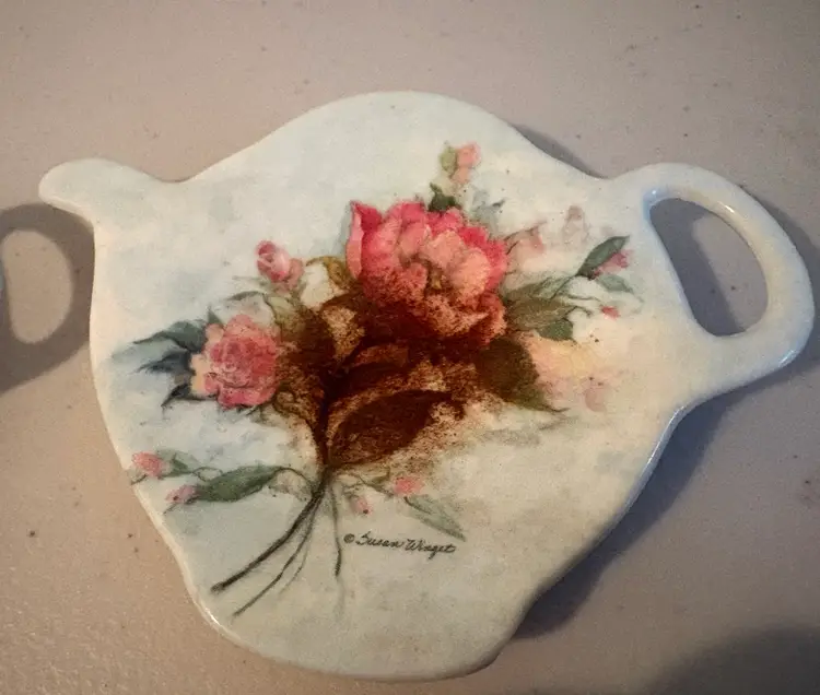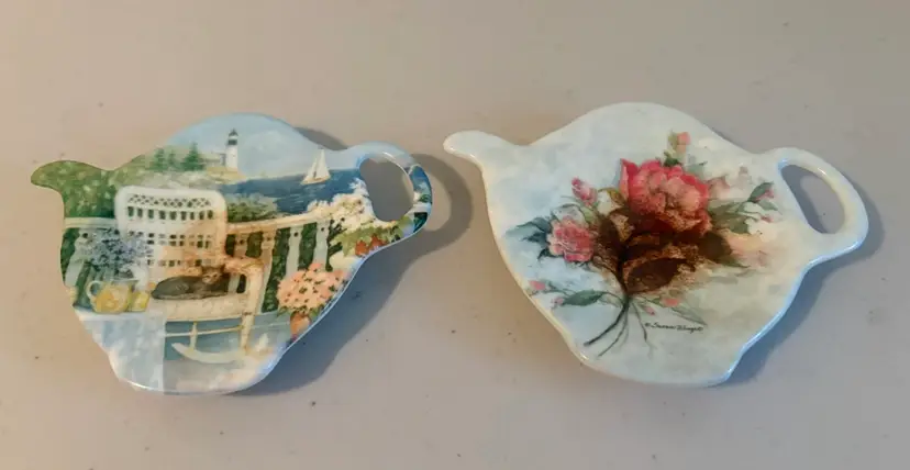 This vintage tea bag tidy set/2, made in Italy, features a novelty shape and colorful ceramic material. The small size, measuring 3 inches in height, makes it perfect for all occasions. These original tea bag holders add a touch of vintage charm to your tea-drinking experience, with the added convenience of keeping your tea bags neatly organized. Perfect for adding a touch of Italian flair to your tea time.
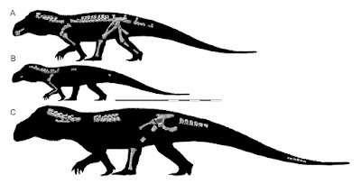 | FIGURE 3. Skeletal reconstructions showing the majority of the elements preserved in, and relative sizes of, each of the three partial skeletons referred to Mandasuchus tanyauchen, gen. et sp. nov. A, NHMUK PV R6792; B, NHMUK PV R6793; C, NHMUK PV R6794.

==============================

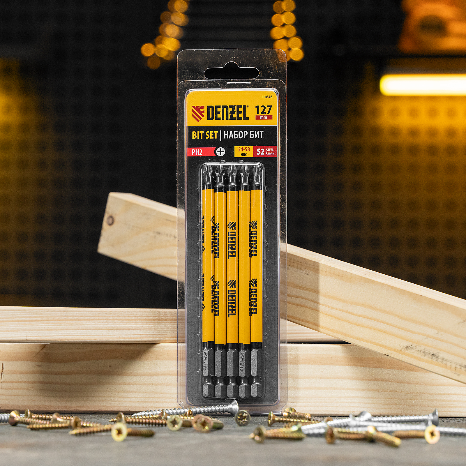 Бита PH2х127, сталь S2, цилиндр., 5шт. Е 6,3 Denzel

==============================

Using the material above, reproduce only the lines that run from the line with "This vintage tea" up to and including the line with "NHMUK PV R6794.", exactly, with the pictures dropped.

## Written response
 This vintage tea bag tidy set/2, made in Italy, features a novelty shape and colorful ceramic material. The small size, measuring 3 inches in height, makes it perfect for all occasions. These original tea bag holders add a touch of vintage charm to your tea-drinking experience, with the added convenience of keeping your tea bags neatly organized. Perfect for adding a touch of Italian flair to your tea time.
 | FIGURE 3. Skeletal reconstructions showing the majority of the elements preserved in, and relative sizes of, each of the three partial skeletons referred to Mandasuchus tanyauchen, gen. et sp. nov. A, NHMUK PV R6792; B, NHMUK PV R6793; C, NHMUK PV R6794.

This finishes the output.